Mitigating Self-Preference by Authorship Obfuscation
Taslim Mahbub, Shi Feng
TL;DR
The paper tackles harmful self-preference in LM-based judges, where judges favor their own outputs over others. It tests the self-recognition hypothesis by applying black-box perturbations (notably synonym replacement and paraphrasing) to obfuscate authorship in pairwise evaluations on the QuALITY long-document QA benchmark, plus a coding-task extension. Key findings show that simple synonym substitutions can reduce self-recognition and harmful self-preference, but complete mitigation is challenging as bias also arises from deeper semantic cues; paraphrasing can even increase bias in some cases. The work highlights practical strategies for making LM-based judgments more reliable, such as targeted perturbations and ensemble judging, while acknowledging fundamental limits to fully decoupling judgments from prior beliefs.
Abstract
Language models (LMs) judges are widely used to evaluate the quality of LM outputs. Despite many advantages, LM judges display concerning biases that can impair their integrity in evaluations. One such bias is self-preference: LM judges preferring their own answers over those produced by other LMs or humans. The bias is hard to eliminate as frontier LM judges can distinguish their own outputs from those of others, even when the evaluation candidates are not labeled with their sources. In this paper, we investigate strategies to mitigate self-preference by reducing the LM judges' ability to recognize their own outputs. We apply black-box perturbations to evaluation candidates in pairwise comparison to obfuscate the authorship and reduce self-recognition. We find that perturbations as simple as synonym replacement for a few words predictably reduce self-preference.

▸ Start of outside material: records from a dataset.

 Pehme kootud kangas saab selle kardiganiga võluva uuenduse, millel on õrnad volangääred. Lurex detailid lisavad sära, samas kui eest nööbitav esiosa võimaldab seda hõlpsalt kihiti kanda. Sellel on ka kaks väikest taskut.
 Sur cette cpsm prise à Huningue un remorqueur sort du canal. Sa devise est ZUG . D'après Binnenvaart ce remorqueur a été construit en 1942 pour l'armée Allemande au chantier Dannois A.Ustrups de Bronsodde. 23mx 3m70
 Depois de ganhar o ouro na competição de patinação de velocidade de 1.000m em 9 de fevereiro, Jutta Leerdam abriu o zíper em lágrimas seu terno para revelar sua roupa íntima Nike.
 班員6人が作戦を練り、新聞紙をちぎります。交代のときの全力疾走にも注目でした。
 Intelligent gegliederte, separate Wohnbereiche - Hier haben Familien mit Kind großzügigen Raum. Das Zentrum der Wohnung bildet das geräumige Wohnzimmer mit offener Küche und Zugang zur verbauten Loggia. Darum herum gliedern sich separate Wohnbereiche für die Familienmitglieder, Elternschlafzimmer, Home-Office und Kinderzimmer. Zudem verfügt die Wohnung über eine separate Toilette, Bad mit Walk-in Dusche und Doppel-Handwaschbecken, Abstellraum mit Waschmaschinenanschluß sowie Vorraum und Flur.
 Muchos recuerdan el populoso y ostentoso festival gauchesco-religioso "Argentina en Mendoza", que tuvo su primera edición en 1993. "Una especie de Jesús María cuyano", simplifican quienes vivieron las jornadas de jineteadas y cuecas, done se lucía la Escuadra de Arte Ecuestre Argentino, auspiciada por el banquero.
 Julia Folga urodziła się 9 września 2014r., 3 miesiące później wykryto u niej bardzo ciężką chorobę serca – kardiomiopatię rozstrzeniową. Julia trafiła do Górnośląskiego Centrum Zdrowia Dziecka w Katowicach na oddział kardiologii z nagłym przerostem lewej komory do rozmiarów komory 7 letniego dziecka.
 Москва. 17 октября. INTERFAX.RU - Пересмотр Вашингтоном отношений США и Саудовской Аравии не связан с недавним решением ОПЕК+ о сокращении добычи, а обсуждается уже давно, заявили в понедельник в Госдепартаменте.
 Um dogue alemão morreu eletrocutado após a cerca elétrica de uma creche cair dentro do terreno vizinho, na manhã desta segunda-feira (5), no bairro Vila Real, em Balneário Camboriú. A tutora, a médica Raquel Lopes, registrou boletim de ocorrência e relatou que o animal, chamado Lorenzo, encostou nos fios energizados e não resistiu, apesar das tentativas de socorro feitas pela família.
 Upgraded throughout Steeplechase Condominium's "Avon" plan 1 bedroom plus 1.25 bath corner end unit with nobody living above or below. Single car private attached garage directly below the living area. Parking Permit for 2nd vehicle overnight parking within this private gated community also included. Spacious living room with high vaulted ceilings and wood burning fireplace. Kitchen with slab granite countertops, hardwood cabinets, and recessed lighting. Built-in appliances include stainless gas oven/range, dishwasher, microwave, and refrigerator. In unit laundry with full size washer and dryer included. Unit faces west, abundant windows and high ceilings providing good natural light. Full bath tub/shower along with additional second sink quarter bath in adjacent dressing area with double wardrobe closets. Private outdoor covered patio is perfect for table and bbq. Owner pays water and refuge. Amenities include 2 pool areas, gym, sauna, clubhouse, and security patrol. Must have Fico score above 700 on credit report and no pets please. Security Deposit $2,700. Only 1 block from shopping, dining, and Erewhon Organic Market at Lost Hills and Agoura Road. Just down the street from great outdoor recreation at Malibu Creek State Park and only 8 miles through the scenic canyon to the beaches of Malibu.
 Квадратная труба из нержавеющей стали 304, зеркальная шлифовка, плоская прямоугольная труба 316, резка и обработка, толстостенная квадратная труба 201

However, we also uncover fundamental challenges to eliminating the bias: when we extrapolate our perturbations to a more complete neutralization of stylistic differences between the evaluation candidates, self-preference recovers. Our findings suggest that self-recognition and self-preference can happen on many semantic levels, and complete mitigation remains challenging despite promising initial results.